I thought it would be fun to use xmode to implement syntax highlighting in the listener. When we're done, it will look something like this:


First, we will need to use several vocabularies:

USING: accessors assocs colors io io.encodings.utf8 io.files
io.styles kernel literals locals math math.parser sequences
xmode.catalog xmode.marker ;

We define named styles that will apply to the tokens that are parsed by the syntax highlighter. For convenience, we will use the colors.hex vocabulary to convert hexadecimal values to color tuples to build the stylesheet. In the stylesheet below, we use the same colors that are used in the pastebin.

CONSTANT: STYLES H{
    { "NULL"     H{ { foreground HEXCOLOR: 000000 } } }
    { "COMMENT1" H{ { foreground HEXCOLOR: cc0000 } } }
    { "COMMENT2" H{ { foreground HEXCOLOR: ff8400 } } }
    { "COMMENT3" H{ { foreground HEXCOLOR: 6600cc } } }
    { "COMMENT4" H{ { foreground HEXCOLOR: cc6600 } } }
    { "DIGIT"    H{ { foreground HEXCOLOR: ff0000 } } }
    { "FUNCTION" H{ { foreground HEXCOLOR: 9966ff } } }
    { "INVALID"  H{ { background HEXCOLOR: ffffcc }
                    { foreground HEXCOLOR: ff0066 } } }
    { "KEYWORD1" H{ { foreground HEXCOLOR: 006699 }
                    { font-style bold } } }
    { "KEYWORD2" H{ { foreground HEXCOLOR: 009966 }
                    { font-style bold } } }
    { "KEYWORD3" H{ { foreground HEXCOLOR: 0099ff }
                    { font-style bold } } }
    { "KEYWORD4" H{ { foreground HEXCOLOR: 66ccff }
                    { font-style bold } } }
    { "LABEL"    H{ { foreground HEXCOLOR: 02b902 } } }
    { "LITERAL1" H{ { foreground HEXCOLOR: ff00cc } } }
    { "LITERAL2" H{ { foreground HEXCOLOR: cc00cc } } }
    { "LITERAL3" H{ { foreground HEXCOLOR: 9900cc } } }
    { "LITERAL4" H{ { foreground HEXCOLOR: 6600cc } } }
    { "MARKUP"   H{ { foreground HEXCOLOR: 0000ff } } }
    { "OPERATOR" H{ { foreground HEXCOLOR: 000000 }
                    { font-style bold } } }
}

The xmode.catalog vocabulary provides support for looking up the type (or "mode") of the file. The xmode.marker vocabulary then provides support for converting each line into a stream of tokens. Each token allows access to a named style. Once we have the name of the appropriate style, we can then look it up and format the output.

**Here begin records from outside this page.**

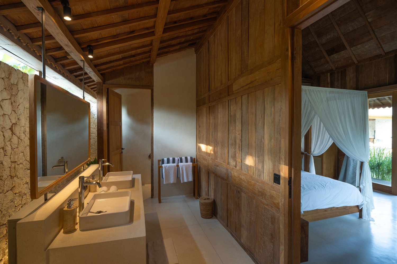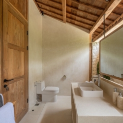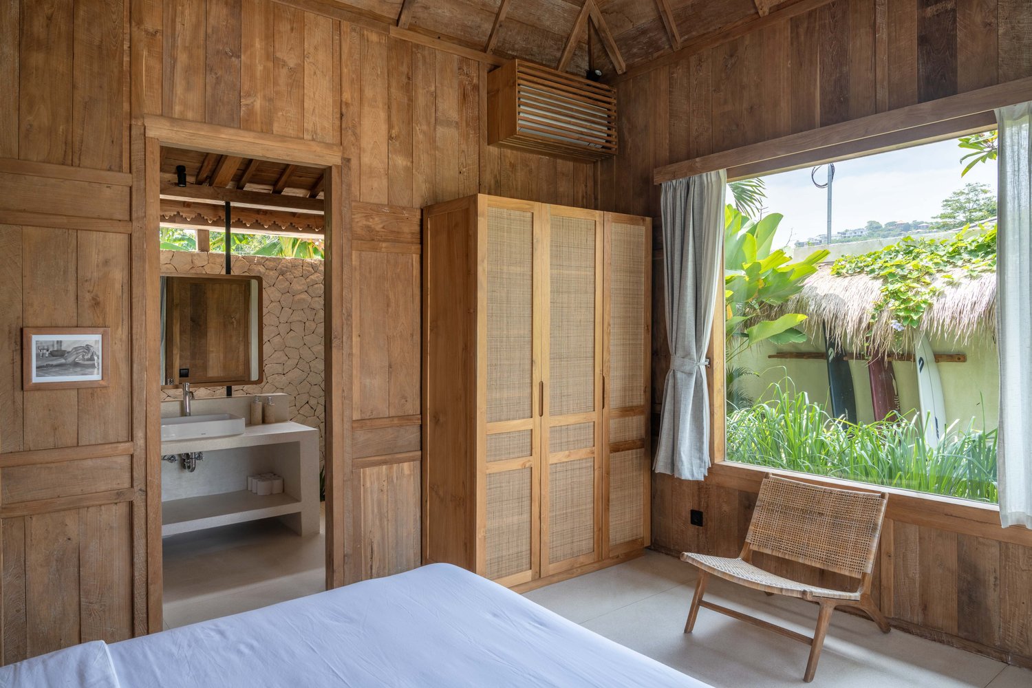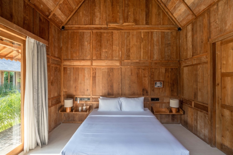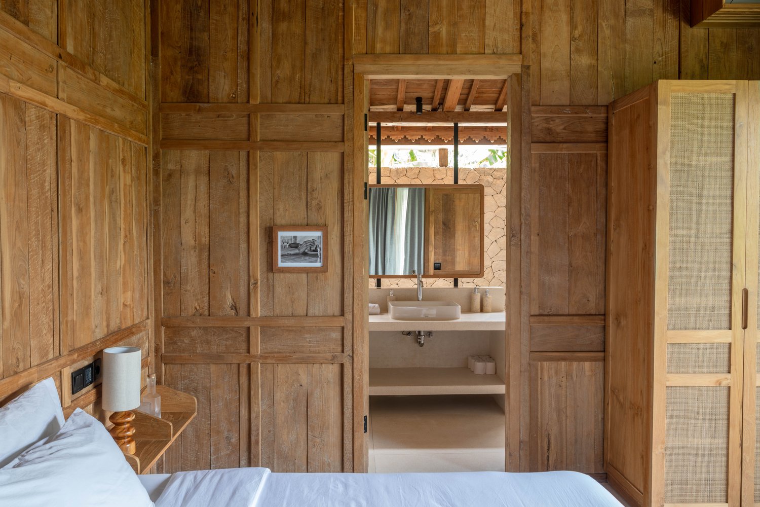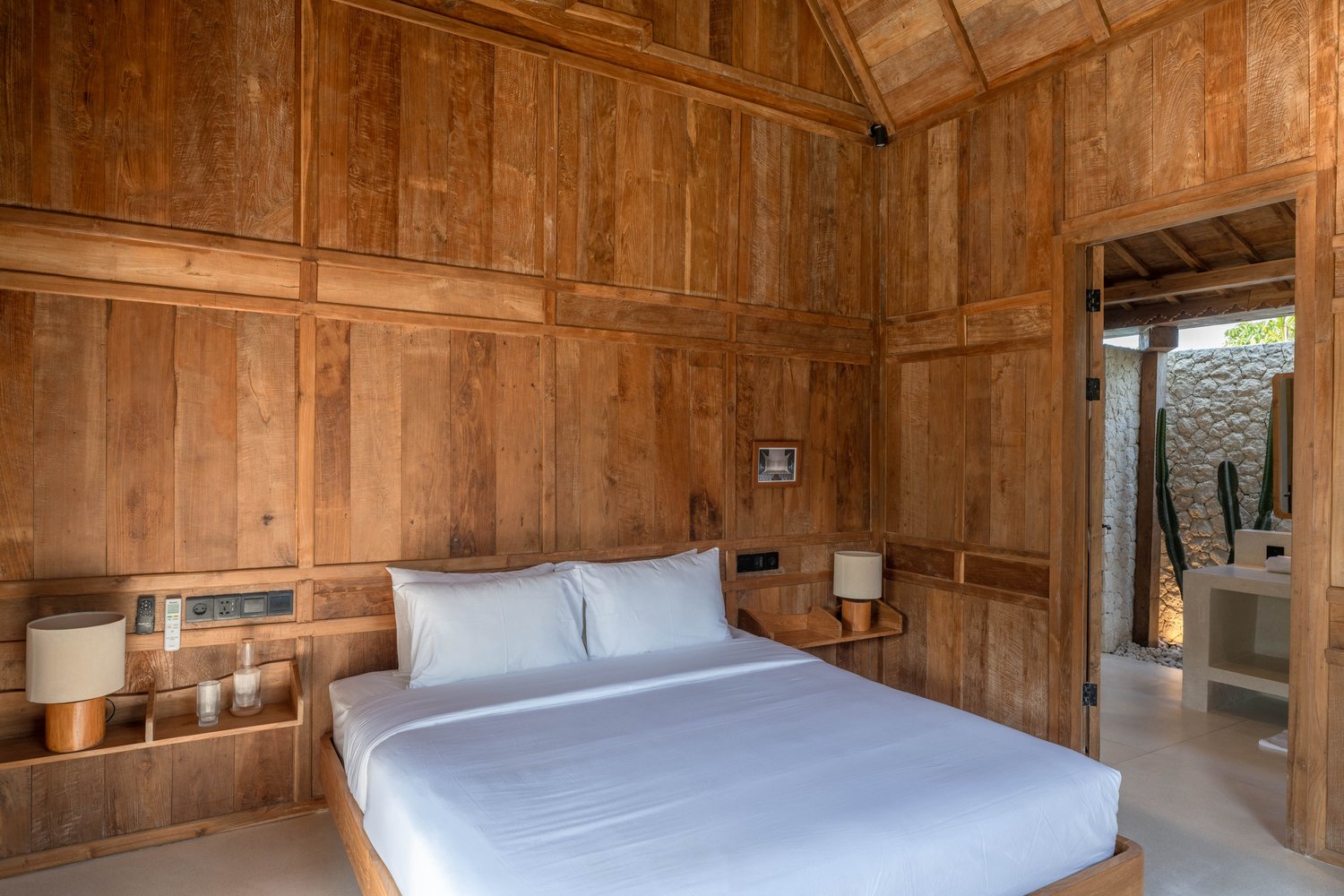 Each of the four bedrooms is designed for comfort and rest, featuring warm wooden interiors, en-suite bathrooms, and calming views of the pool or garden. Whether you’re reconnecting with loved ones, unwinding with friends, or simply enjoying the stillness, this villa provides an exceptional setting for a memorable island escape.
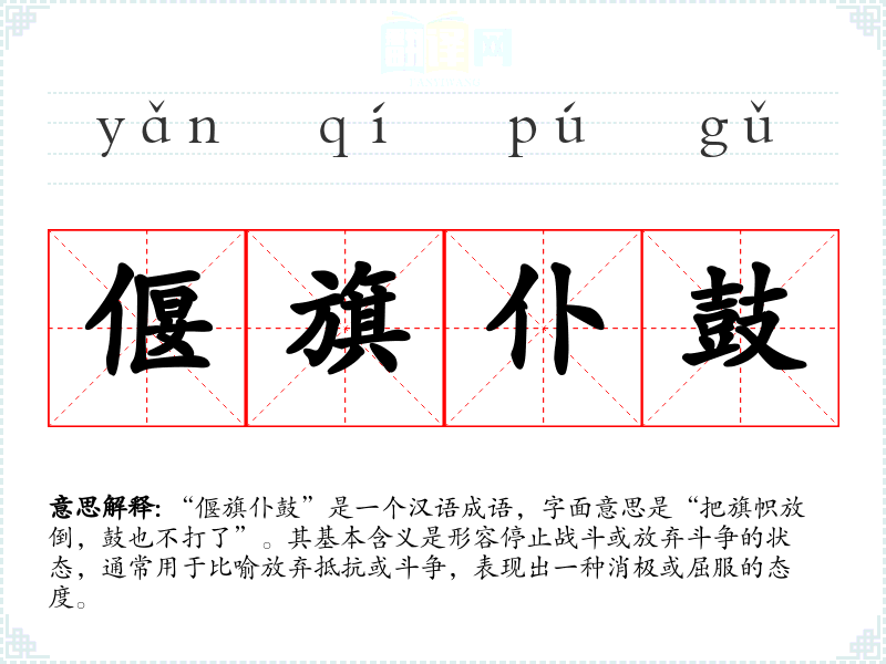 “偃旗仆鼓”是一个汉语成语,字面意思是“把旗帜放倒,鼓也不打了”。其基本含义是形容停止战斗或放弃斗争的状态,通常用于比喻放弃抵抗或斗争,表现出一种消极或屈服的态度。
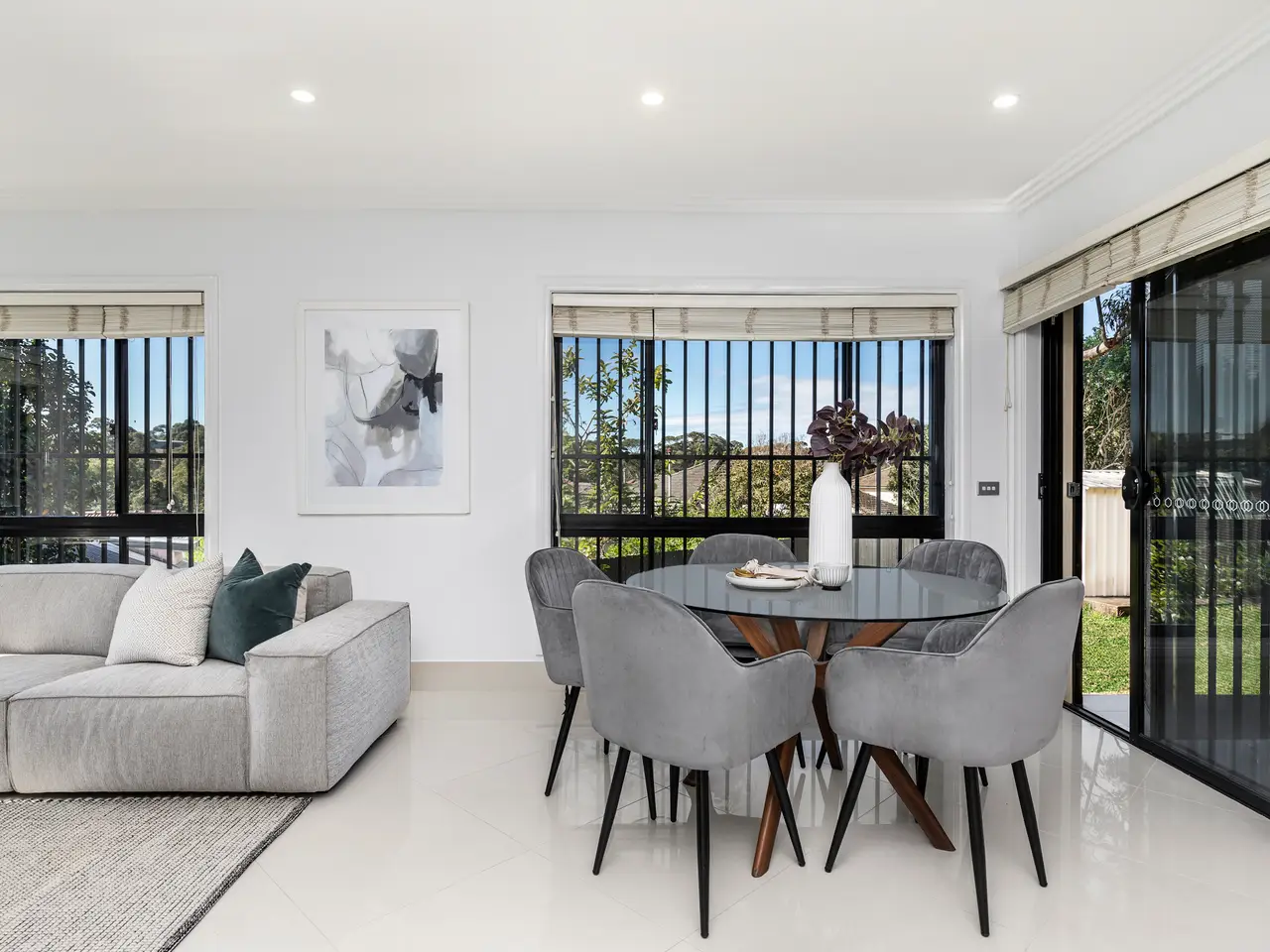 Designed and built to a luxury spec in a tranquil setting, this substantial dual-level home provides a lifestyle as elegant as it is effortless. With its perfect fusion of functionality and flair, it's just the right size for a larger family – flaunting three generous living areas, impressive master quarters, and picturesque backyard entertaining with views to the Chatswood skyline. Technology and comfort features abound, while prime proximity to quality schools, local cafes, city transport and Macquarie Centre delivers all the convenience you desire. – Grand double-height portico entrance with A/V intercom at the door – Low-maintenance tile and timber floors, glamorous lighting selections – Gourmet stone kitchen complete with island and 900mm Ilve gas range – Spacious master suite with private balcony; family bathroom with spa – Additional shower and W/C, Daikin ducted air, solar power, DLUG – Walk to restaurants and Lachlan Square, approx. 1km to Metro station – North Ryde Oval + RSL Club and great bush tracks on the doorstep
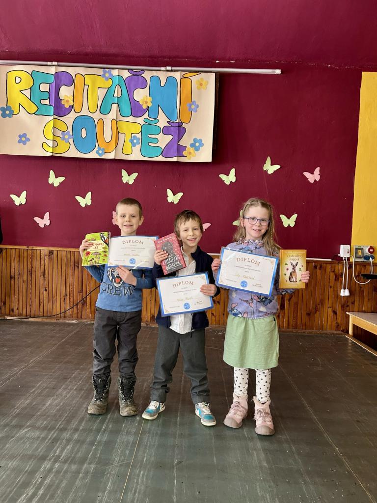 Všem recitátorům děkujeme za poctivou přípravu a odvahu vystoupit před publikem. Velké poděkování patří také členům poroty za pečlivé hodnocení a čas, který soutěži věnovali, a všem zúčastněným školám za spolupráci a podporu svých žáků. Vítězům gratulujeme k úspěchu a těšíme se na další ročník soutěže.
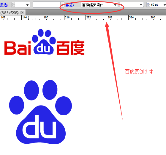6、最后我们就可以在上面填字了,在此我必须强调一下,大家在使用字体是可以选择自己喜欢并且适用的字体,但是百度logo中的字体是百度爱好者团队原创的——百度综艺简体字,喜欢的可以去网上下载这个字体包。
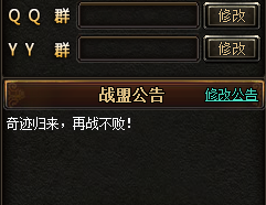 战盟信息里可了解整个战盟情况,为方便战盟活动,盟主可自行修改战盟QQ、YY群信息及战盟公告。
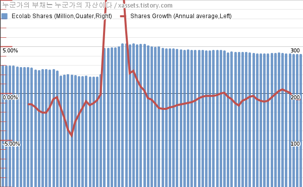 - 지난 1년 동안 에코랩은 평균 0.61%의 자사주를 매입-소각했다.
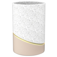 Стакан настольный TERRAZZO от производителя Fora изготовлен из экологичного, прочного и стойкого к влажности материала полирезин. Аксессуар используется для хранения зубных щеток, пасты и бритв. Благодаря стильному дизайну изделие отлично вписывается в интерьер современной ванной комнаты.
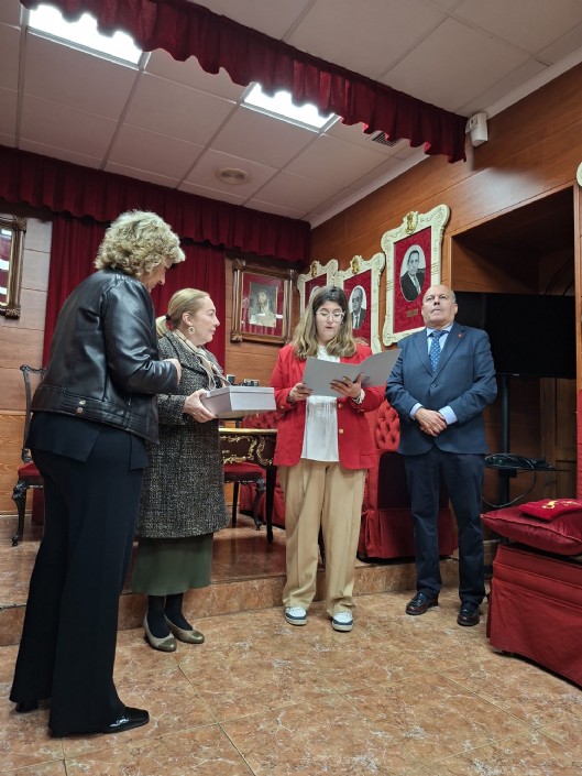 En la Sala Capitular de la Cofradía California, se realizó el acto de donación por parte de Dña. Mª de los Ángeles González Vera, hermana de la Agrupación, de una mantilla de sobremanto, en encaje blanco y de forma triangular para Ntra. Sra. de la Esperanza.
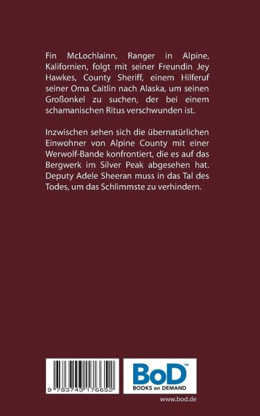 Fin McLochlainn, Ranger in Alpine, Kalifornien, folgt mit seiner Freundin Jey Hawkes, County Sheriff, einem Hilferuf seiner Oma Caitlin nach Alaska, um seinen Großonkel zu suchen, der bei einem schamanischen Ritus verschwunden ist. Inzwischen sehen sich die übernatürlichen Einwohner von Alpine County mit einer Werwolf-Bande konfrontiert, die es auf das Bergwerk im Silver Peak abgesehen hat. Deputy Adele Sheeran muss in das Tal des Todes, um das Schlimmste zu verhindern.
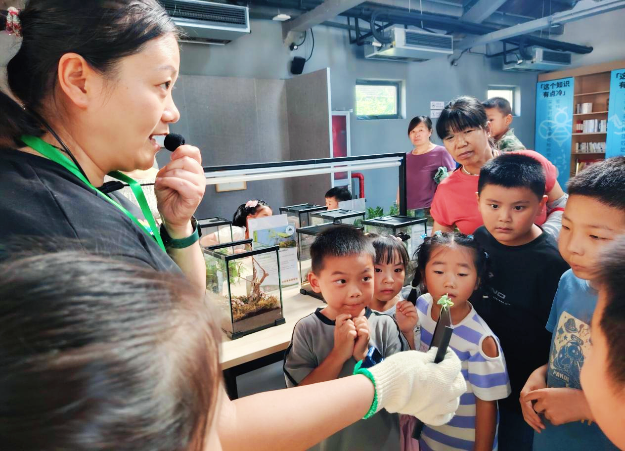 蚌埠昆虫博物馆的“活体昆虫观察区”有几个透明生态缸,缸前围满了辖区研学的孩子们,讲解员为了让孩子们更清楚直观地观察,拿起了螳螂趴着的亚克力板。围在周围的孩子瞬间安静下来,有的踮着脚尖,有的双手托腮,眼睛都死死地盯着这个绿色的小生灵。这堂“走出生态缸”的螳螂观察课,没有隔着玻璃的距离感,只有真实的互动与发现,让孩子们对自然的好奇与热爱,在与虫豸的近距离接触中,悄悄扎下了根。
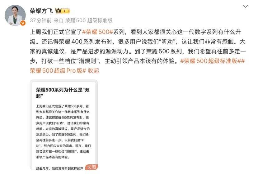 荣耀这波是真不装了。直接宣布:荣耀500 系列明天发布,两款机型,全员骁龙8系旗舰芯片。注意,是全员,不是“Pro用旗舰、标准用阉割”,是整个系列一起“端上来”。
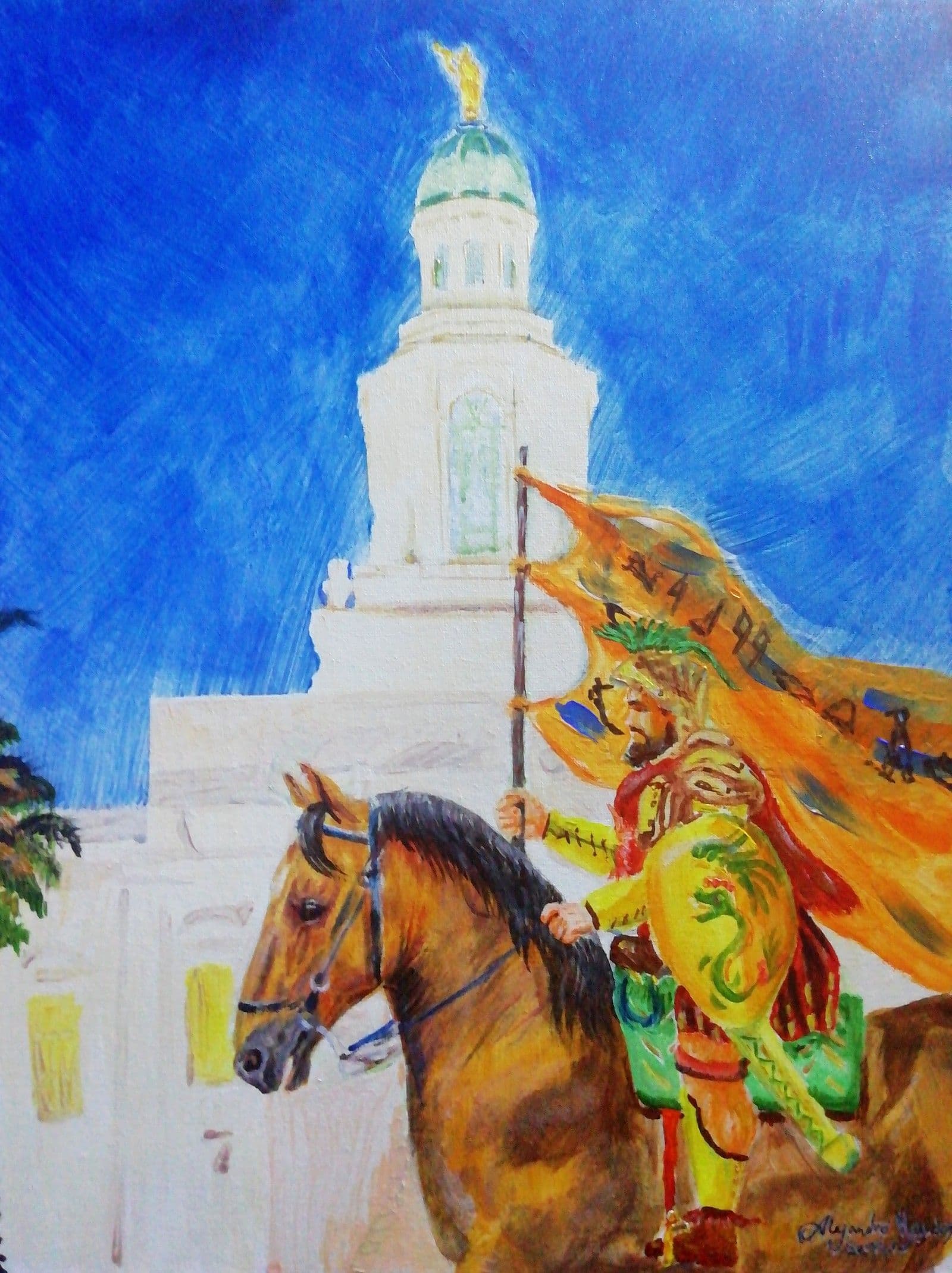 This piece is based on the Come, Follow Me class for Doctrine and Covenants 64-66 and is called Sión será un “Estandarte al pueblo.” In the painting, you can see Captain Moroni holding the title of liberty in front of the Concepción Chile Temple and with a Quetzalcoatl shield.

Putting that all together, we can implement the highlight. word.

: highlight-tokens ( tokens -- )
    [
        [ str>> ] [ id>> ] bi
        [ name>> STYLES at ] [ f ] if* format
    ] each nl ;

: highlight-lines ( lines mode -- )
    [ f ] 2dip load-mode [
        tokenize-line highlight-tokens
    ] curry each drop ;

:: highlight. ( path -- )
    path utf8 file-lines [
        path over first find-mode highlight-lines
    ] unless-empty ;

You should be able to paste the above code examples into your listener, to try it for yourself.

2 comments:

Unknown said...

This code gives an error on the last word. To begin with you have two colons beginning the definition and then the word 'path' is used both in the stack effect statement and as a word (undefined) in the main section of the definition.

I'm not sure if I'm missing something here.

mrjbq7 said...

Hi Alan,

Sorry, I forgot to "USE: locals".

I'm using "locals" which is a way to use names to refer to stack variables inside of a word definition. I thought the code would be a little easier to understand.

I updated the example. Thanks for the feedback!